I shot him in the face and as he fell to the floor, still smiling, I emptied my clip into the laser’s casing. Bullets ricocheted everywhere, but the hum continued to rise. In desperation, I dived for the clamp and prised its jaws apart as the laser fired a thin red beam through the open window. I was too late. Seconds too late. The laser beam only lasted a few seconds before it exhausted its batteries and cut off. But it was a few seconds too long for humanity.

I looked through the window to see if I could catch it streaking through the night sky, but saw instead the hulking figure of Sergeant Kieran Mulrooney hanging there, a blank expression on his lifeless face, his AGP still glowing, and a small smoking hole bored into his front armour. I reached out and pulled him close, swivelling his carcass around.
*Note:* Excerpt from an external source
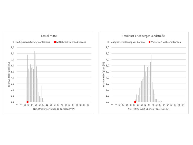 Weniger Verkehr auf den Straßen, Flugzeuge am Boden – die Corona-Krise beeinflusst auch die Luftqualität in Hessen. Nachdem die Hessische Landesregierung am 13. März 2020 die Maßnahmen zur Eindämmung der Pandemie beschlossen hatte und die Bürger weitgehend zu Hause geblieben sind, hatte der Straßenverkehr in den Großstädten zwischenzeitlich im Mittel um etwa 30 bis 40 Prozent abgenommen – und auch die Belastung mit Stickstoffdioxid (NO2) ist nachweislich gesunken.

There was no hole in the rear.

Epilogue: Ten Years Later

Optical telescopes all over the Earth watched as the billion-strong fleet of Drar’ch proceeded on its murderous procession away from Sol, ever deeper into space. Away from us. We had survived, but only by seconds.

We never found out why Scrixn acted so duplicitously. The current theory is he got us to cut back on technological development just to weaken us, but that’s just a guess. Embedded in his brain was a lot of circuitry, but it will be a long time before the brainboxes can work out what it does, especially as my handiwork had done a lot of rewiring. They will piece it together though. One day. Of that, I am pretty sure. Then maybe we can get some payback for all those races the Drar’ch have wiped out.
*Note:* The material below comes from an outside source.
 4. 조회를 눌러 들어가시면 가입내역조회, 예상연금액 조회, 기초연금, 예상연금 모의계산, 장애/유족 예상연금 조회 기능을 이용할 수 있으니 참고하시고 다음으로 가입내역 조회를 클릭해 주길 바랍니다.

For now, I was content to do my shifts, break in my new partner and go home to nurse a bottle of Scotland’s finest. Today was a day of celebration though and I was stuck in the Yard, nicking terrorists, organised criminals, and shuffling paper.

Once again, I was sitting at my desk, a mug of java in my fist, watching cable-TV through the wide-open entrance to my office as scientists played videos of the armada retreating into the ether. They looked like a rash of white dots across the black – too small to get any clear definition even with the best telescopes we had. Maybe if the satellites were still operational, we could have gained a clearer picture, but the risk was too great. For now, the earth would remain in the dark, a lifeless blue marble to outside eyes. 
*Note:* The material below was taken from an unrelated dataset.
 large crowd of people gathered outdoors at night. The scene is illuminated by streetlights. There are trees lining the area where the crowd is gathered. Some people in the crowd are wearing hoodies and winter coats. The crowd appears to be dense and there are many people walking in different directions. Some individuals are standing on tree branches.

I stood up and walked out of my office as the broadcast came to an end and the politicians took over. There wasn’t much to say, it was a relief more than a victory, but we came close to annihilation and but for the unfortunate positioning of Mulrooney, we would be preparing for an invasion instead of toasting our good fortune. I was going to toast it anyway, so I raised my mug and said, “To life.”

The shift was silent up to that point as they watched the retreating armada, but to a man, woman and robot they turned and raised their mugs to me and in a ragged chorus, echoed my words.

I raised my mug again in acknowledgement, but also in a toast to Sergeant Kieran Mulrooney. He came a magnificent second, but the rest of us won and the thing the aliens don’t realise is we don’t get mad, we get even and payback is coming. One day.